Cuando somos niños, nos agarramos a la luz como si fuera un tesoro.

Todo lo que haya fuera de su influencia, es un mundo que da miedo y que está lleno de horrores. La luz, tan amarilla y cálida, es una suerte de burbuja dorada en la que resguardarse. Allí nada duele, y allí nada puede hacernos daño.

Estamos acostumbrados a la luz. Nosotros, que hemos nacido entre lamparitas de noche y luces del pasillo —por favor, mamá, déjala encendida otra vez—, ya no conocemos la verdadera oscuridad. Eso es algo que a Emily Carroll también le obsesiona. De hecho, el comienzo de su novela gráfica Cruzando el bosque (Sapristi) empieza precisamente hablando de ese terror.

En las primeras páginas, vemos a una niña, una chica joven que lee en la cama con la luz de un flexo. “Me aterraba apagarla”, reconoce. “¿Y si el brazo asomaba sólo un poco del borde de la cama, y había algo ahí esperando que me arrastraba a la oscuridad?”

Pero la mejor manera de enfrentarse a la oscuridad es entrar directamente en ella. Tocar su vacío negro. Dejarse envolver por la frialdad de sus garras para que, de ese modo, el miedo que sentíamos se convierta en valentía, la valentía en imaginación, y la imaginación en magia.

No conocemos la oscuridad, y por eso, durante tantos años, los cuentos para niños se nos han narrado entre algodones. Así, las sirenitas mudas y sangrientas se convirtieron en princesas cantarinas, las niñas con caperuza fueron más listas que sus malvados lobos, y las madrastras perecieron, presas de su crueldad.

¿Cómo se le iba a contar a un niño tan pequeño una historia que incluyera vísceras, que hablara de sombras, o que diera a entender que las personas buenas también pueden sufrir y morir? La literatura infantil, tras pasar por la batidoras como la de Disney, quedó anestesiada para siempre.

Sin embargo, la joven Emily Carroll no quiere que eso ocurra en su imaginación.

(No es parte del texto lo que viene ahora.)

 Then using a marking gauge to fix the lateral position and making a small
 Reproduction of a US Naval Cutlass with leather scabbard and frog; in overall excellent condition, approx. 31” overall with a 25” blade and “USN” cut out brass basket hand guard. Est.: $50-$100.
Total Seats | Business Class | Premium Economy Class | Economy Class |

Ella teme a la oscuridad desde pequeña, y por eso mismo ha decidido convertir su mente en un lugar donde las historias oscuras también puedan ser sinónimo de “para todos los públicos”. Eso es precisamente su primera novela gráfica, Cruzando el bosque, una vuelta al terror de ser niño. A la magia de tener miedo.

Leer historias de Emily Carroll —todas con finales agridulces, aunque contadas y dibujadas con delicadeza— recuerda a esa sensación que sentimos cuando leemos la verdad sobre los cuentos de los hermanos Grimm, o cuando descubrimos la verdad sobre ciertas fábulas que parecían inocentes, pero que en realidad son muy crueles.

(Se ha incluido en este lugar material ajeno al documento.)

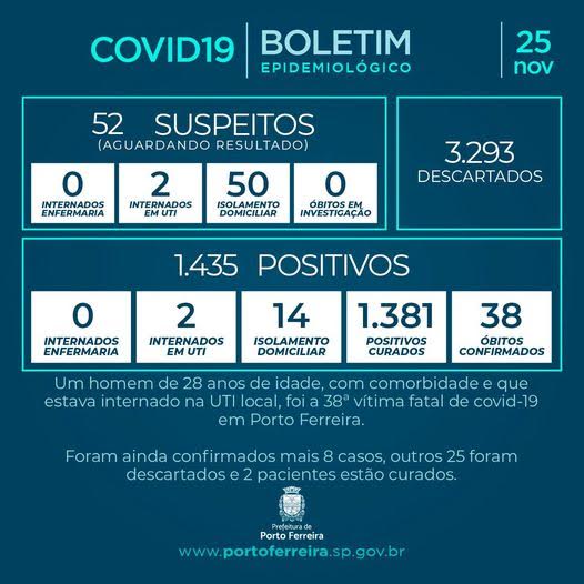Um homem de 28 anos de idade, com comorbidade e que estava internado na UTI local, foi a 38ª vítima fatal de covid-19 em Porto Ferreira.
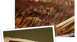 そんな新鮮な状態で皮目に少し焼き目をつけて香りをだした後、大鍋で魚が壊れないようゆっくりじっくり時間を掛けて「あゆの甘露煮」を炊いてまいります。
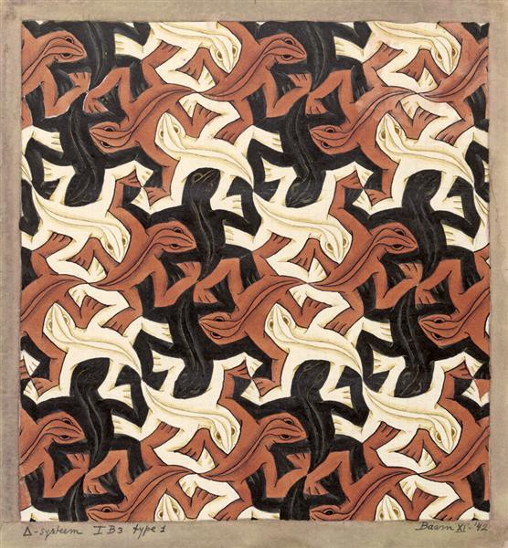 在建筑中,镶嵌自古以来就被用来创造装饰图案。 马赛克瓷砖通常有几何图案。 镶嵌经常出现在 M. C. Escher 的图形艺术中; 他在 1936 年访问西班牙时受到摩尔人在阿尔罕布拉宫等地使用对称性的启发。⁹
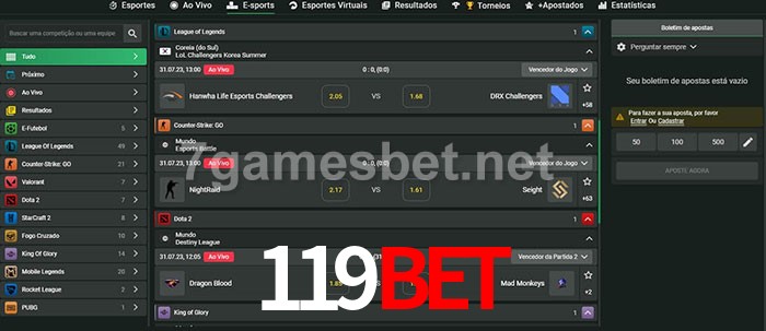 A aposta 119bet oferece aos jogadores a experiência mais conveniente de apostas em eSports!

Por un lado está el desconcierto, y por el otro está la excitación. Sabemos que la vida es dura y complicada, y entonces, ¿por qué no iba a serlo para esos personajes tan curiosos que habitan los cuentos? ¿Por qué siempre se empeñan en endulzárnoslo todo?

Niñas que ven en el cielo una luna roja y saben que su padre ha muerto. Mujeres que, para sobrevivir, tienen que hablar con los monstruos, ¿o convertirse en ellos? Novias que matan a sus maridos, y que abrazan sus cabezas cortadas. Animales extraños que llevan sombrero, y que salen a galopar en la nieve...

Emily Carroll, que además ha sido equiparada a una especie de Patricia Highsmith "reescrita por los hermanos Grimm", se ha convertido así en una de las jóvenes promesas no sólo de la novela gráfica, sino también del cuento de terror contemporáneo.

Con su caperuza azul, con sus ojos curiosos, con sus manos suaves como dos fantasmas, ella dibuja para traernos la verdad. Para invitarnos a su campana de luz dorada. Para acurrucarnos entre una sábanas de tinta y sangre.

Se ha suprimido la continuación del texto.